Exercise aim ▸ Reproduce only this range: the line holding "Lovely deep purple" through the last line of the data below, both included, exactly, with no pictures.

Information provided ▸
....

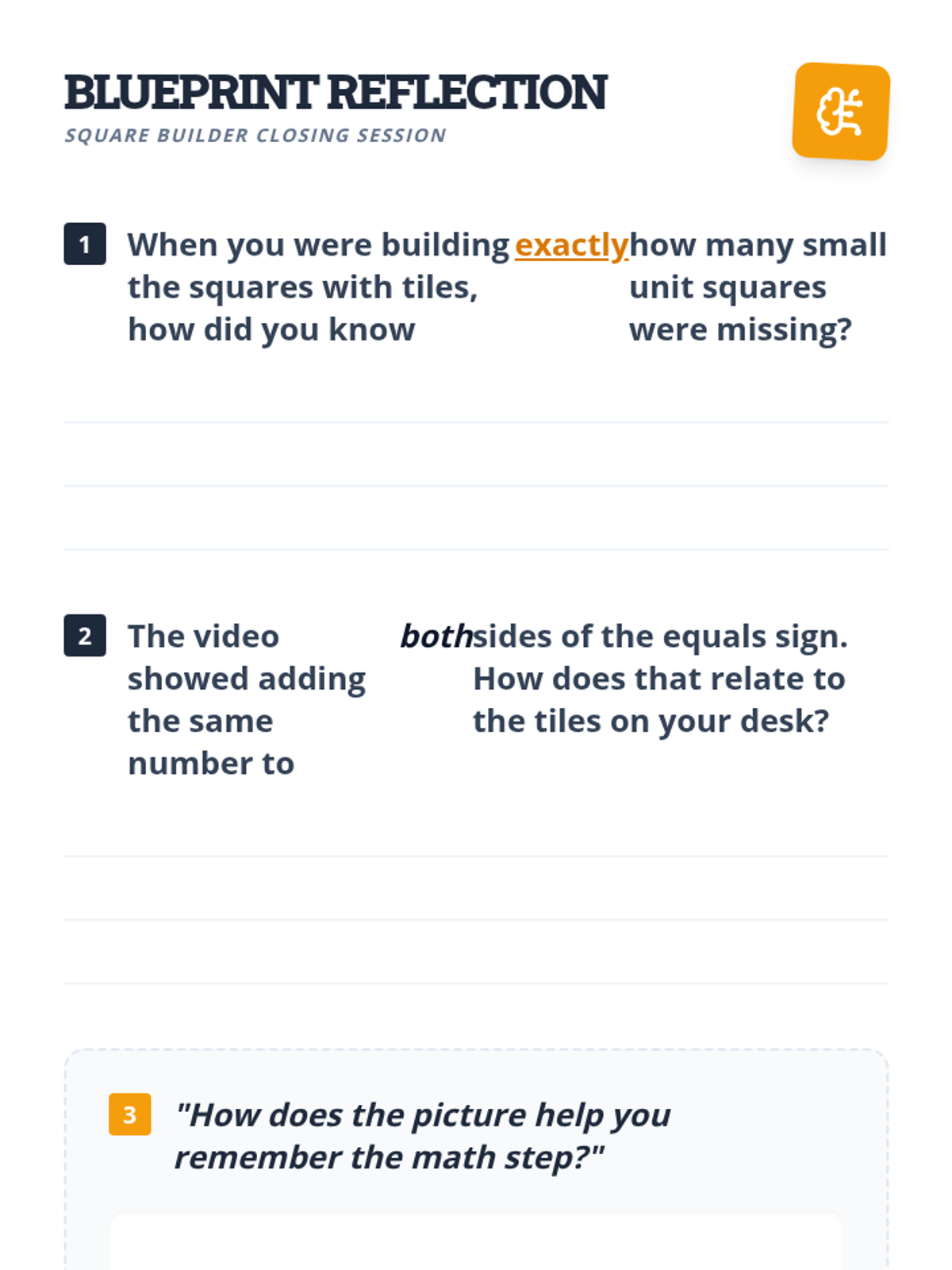 A visual introduction to completing the square using area models and algebra tiles, bridging the gap between physical geometry and algebraic manipulation for 8th and 9th grade students.
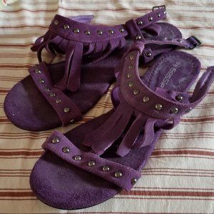 Lovely deep purple suede flats with stud detail and fringe. Very good condition.
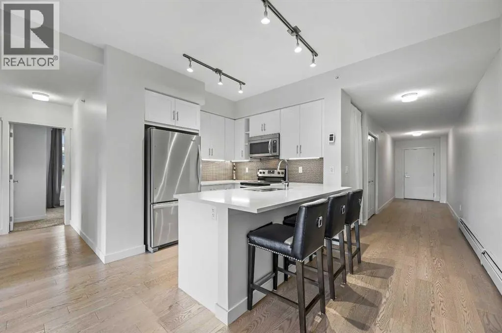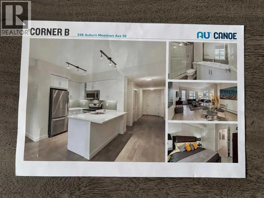 ** NEW PRICE ** Canoe at Auburn Bay - Top Floor Corner Model with Courtyard Views - Quick Possession!! Unbelievable VALUE & DESIGN! The superb condo offers two bedrooms, two bathrooms, a titled indoor parking stall, extra tall windows, a 190 SF covered balcony, and high 9' ceilings. Value Added features â City of Calgary the 2025 Property Assessment is $435,000 ... Check and Compare; 942 RMS sq. ft. of luxurious living space. Loaded with extras... Luxury wide plank engineered flooring, dual pane Low-E windows, modern white painted casings, doors & baseboards, white decora light switches, convenient laundry with storage & stacked washer/dryer. Whirlpool Stainless steel appliance package: fridge with freezer below, OTR microwave, smooth top electric cooktop, and quiet Energy Star-rated tall tub dishwasher. Upgraded Kitchen cabinets with tall upper doors + soft-close drawers + extra floor cabinets + moldings with under-cabinet lighting, quartz island countertops, undermount dual-basin stainless steel sink, full-height glass tile backsplash, pull-out kitchen faucet, dramatic peninsula island with flush eating bar, and room to sit 4. BONUS features: supersized front foyer and private entry! Auburn Bay, a lake lifestyle amenity beyond compare - Central Beach site is the home of the communityâs grand beach area, where residents have exclusive access to sandy beaches, a splash park, tennis courts, play equipment, a fishing pier and non-motorized marina, indoor and outdoor fitness equipment, barbeque pits, a hockey rink and more. The Beach area hosts various activities, including educational and recreational programs, meetings, and private functions. Purposefully designed as the focal point for the community, the Beach area also includes a dedicated skate room and multiple meeting rooms; as a gathering place that will be beloved for generations, the lake is a place of shared laughter and joy, where neighbors gather year-round to enjoy the best of four-season lake living. Ca ll your friendly REALTOR(R) to book a viewing! (id:27476)

....

Written answer ▸
 Lovely deep purple suede flats with stud detail and fringe. Very good condition.
 ** NEW PRICE ** Canoe at Auburn Bay - Top Floor Corner Model with Courtyard Views - Quick Possession!! Unbelievable VALUE & DESIGN! The superb condo offers two bedrooms, two bathrooms, a titled indoor parking stall, extra tall windows, a 190 SF covered balcony, and high 9' ceilings. Value Added features â City of Calgary the 2025 Property Assessment is $435,000 ... Check and Compare; 942 RMS sq. ft. of luxurious living space. Loaded with extras... Luxury wide plank engineered flooring, dual pane Low-E windows, modern white painted casings, doors & baseboards, white decora light switches, convenient laundry with storage & stacked washer/dryer. Whirlpool Stainless steel appliance package: fridge with freezer below, OTR microwave, smooth top electric cooktop, and quiet Energy Star-rated tall tub dishwasher. Upgraded Kitchen cabinets with tall upper doors + soft-close drawers + extra floor cabinets + moldings with under-cabinet lighting, quartz island countertops, undermount dual-basin stainless steel sink, full-height glass tile backsplash, pull-out kitchen faucet, dramatic peninsula island with flush eating bar, and room to sit 4. BONUS features: supersized front foyer and private entry! Auburn Bay, a lake lifestyle amenity beyond compare - Central Beach site is the home of the communityâs grand beach area, where residents have exclusive access to sandy beaches, a splash park, tennis courts, play equipment, a fishing pier and non-motorized marina, indoor and outdoor fitness equipment, barbeque pits, a hockey rink and more. The Beach area hosts various activities, including educational and recreational programs, meetings, and private functions. Purposefully designed as the focal point for the community, the Beach area also includes a dedicated skate room and multiple meeting rooms; as a gathering place that will be beloved for generations, the lake is a place of shared laughter and joy, where neighbors gather year-round to enjoy the best of four-season lake living. Ca ll your friendly REALTOR(R) to book a viewing! (id:27476)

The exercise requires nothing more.